Hypertext and Creative Writing

The article spends a bit of time describing Storyspace, and even gives a screenshot (probably not a real screenshot, though?):

The authors try to position hypertext fiction along with other experimental literature:

Pound and Eliot set about to replace the narrative element in poetry with fragmented anecdotes or mythical paradigms. Joyce and Woolf called into question the strategy of the novel as a linear and objective narrative. They devised new ways of structuring their works based upon stream of consciousness (Woolf) or upon multiple layers of topical and mythical organization (Joyce). All of these writers were trying to set up new relationships between the moment-by-moment experience of reading a text and our perception of the organizing and controlling structures of the text.

A few more quotes:

Such a reader is like a mathematician who attempts to envision a four-dimensional object by looking at several projections in three dimensions: each projection is a snapshot, and all the snapshots must be synthesized to win a sense of the whole, if indeed such a sense is possible. The synthesis of many readings will be the ultimate experience that the electronic writing offers its readers.

Multiple reading does not necessarily mean multiple plots, although the most obvious way to construct a hypertextual fiction is by presenting the reader with choices that affect the plot. Hypertext could borrow from modern literature the techniques of stream of consciousness or multiple points of view as methods of organization.

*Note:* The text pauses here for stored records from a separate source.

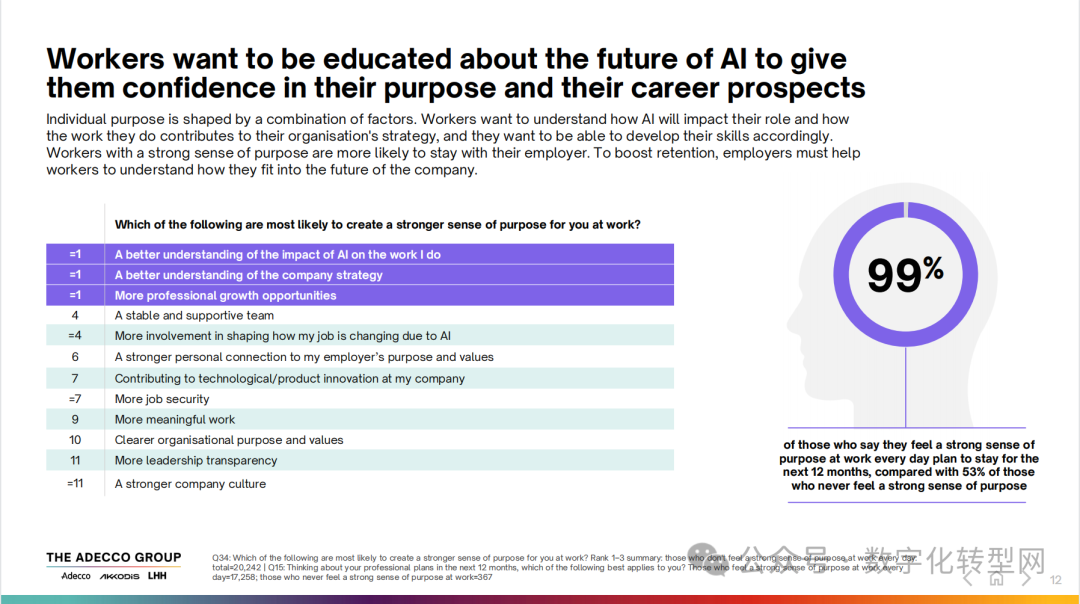 ● 目标与信任是核心支柱:即便 44% 的员工存在隐私顾虑,但那些清楚了解 AI 对自身岗位影响、知晓工作与公司战略关联的员工,留任意愿显著更高。
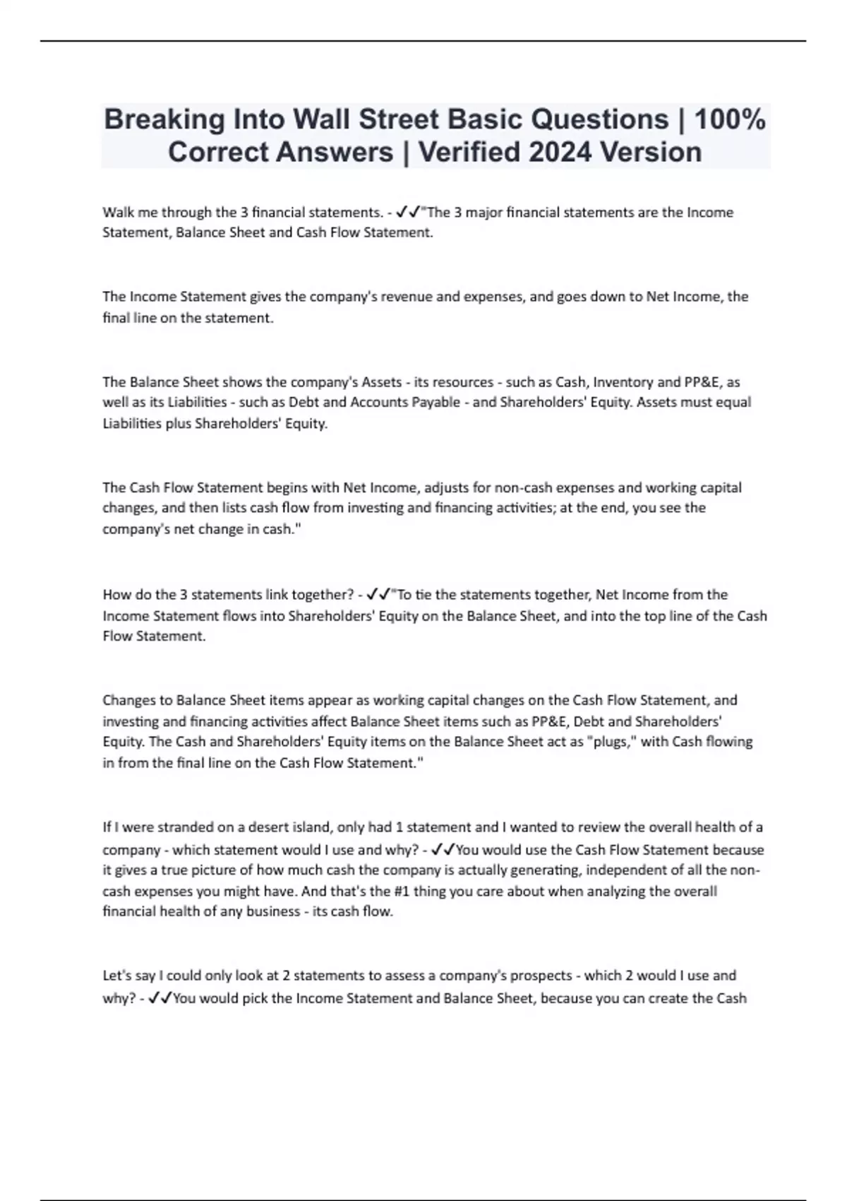 Breaking Into Wall Street Basic Questions | 100% Correct Answers | Verified 2024 Version
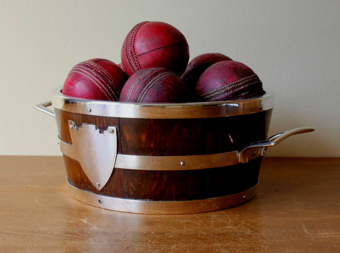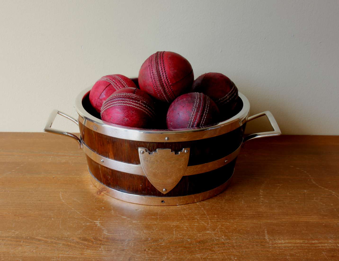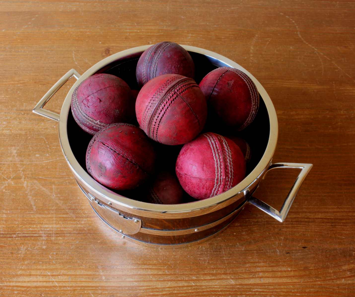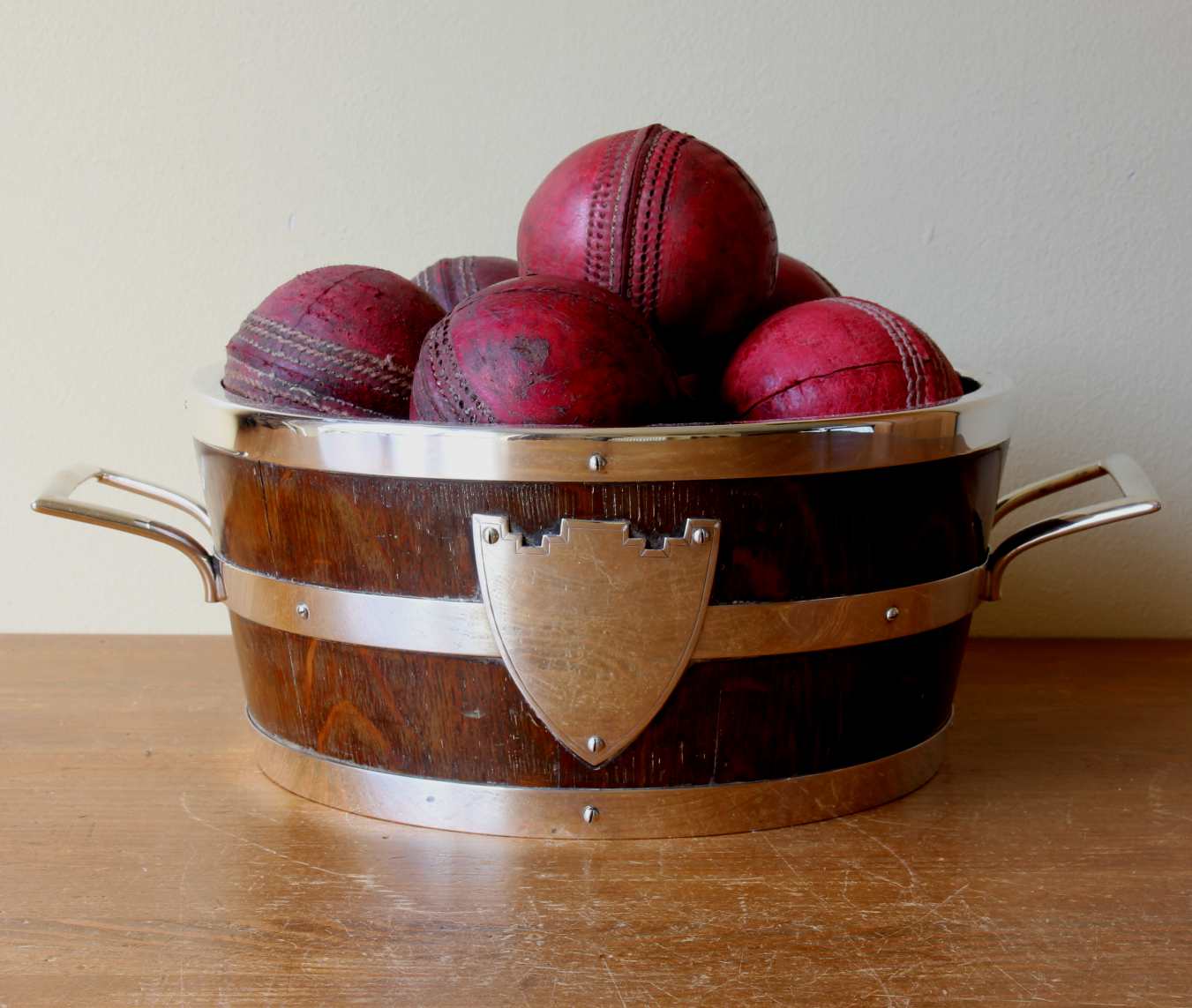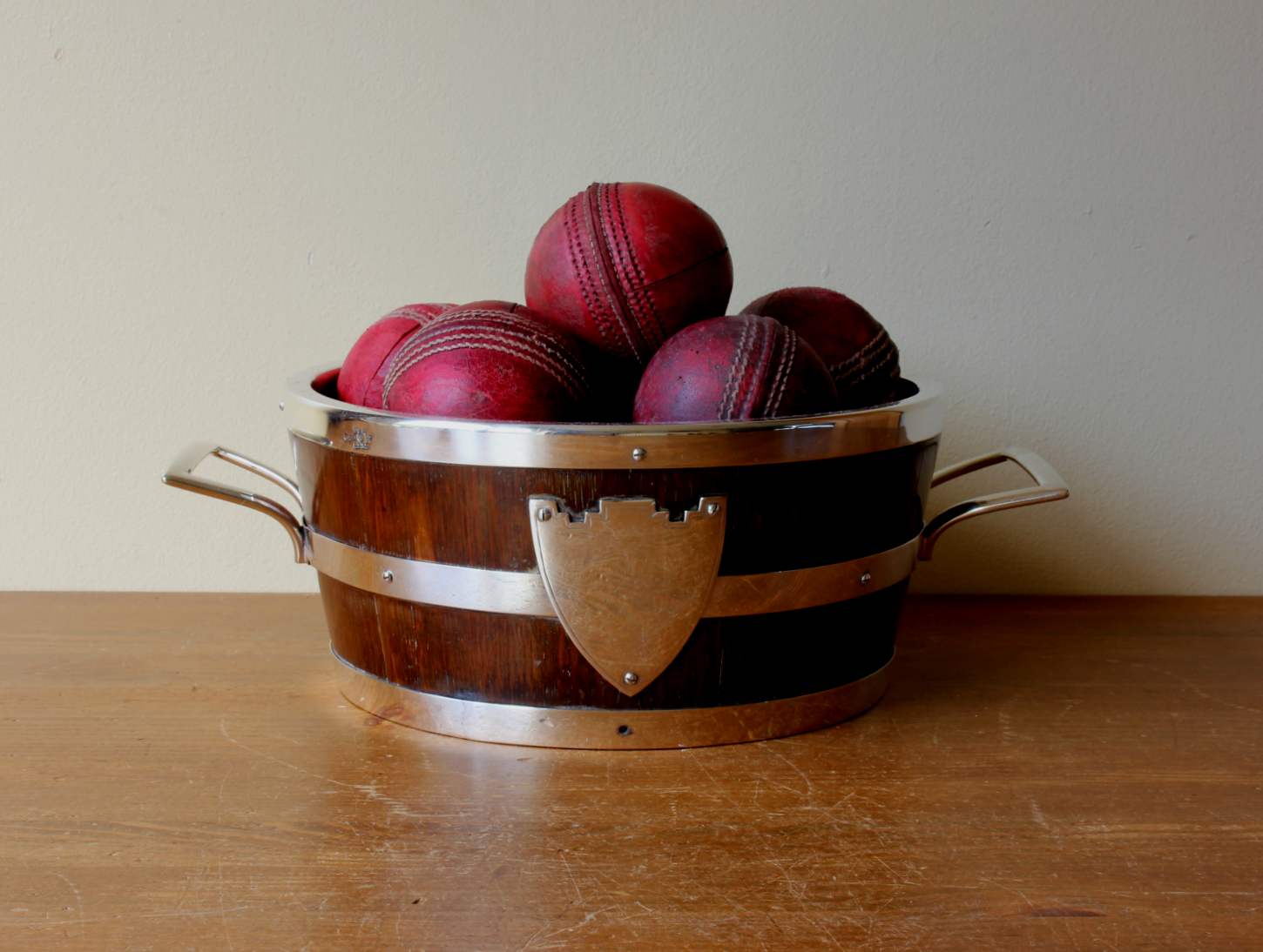 This decorative bowl is filled with 12 vintage cricket balls and makes a handsome display piece for a cricket enthusiast.

All electronic literature takes the form of a game, a contest between author and reader. Unlike the static and monumental character of printed fiction, hypertextual fiction is characterized by impermanence and a lack of monumentality. A playful attitude prevails, as it should in any computing task. An interactive fiction is, after all, a program that the author creates and the reader executes, and any computer program can go unexpectedly and ridiculously off track.

Abstract

Among its many uses, hypertext can serve as a medium for a new kind of flexible, interactive fiction. Storyspace™ is a hypertext system we have created for authoring and reading such fiction. Interactive fiction in the computer medium is a continuation of the modern “tradition” of experimental literature in print. However, the computer frees both author and reader from restrictions imposed by the printed medium and therefore allows new experiments in literary structure.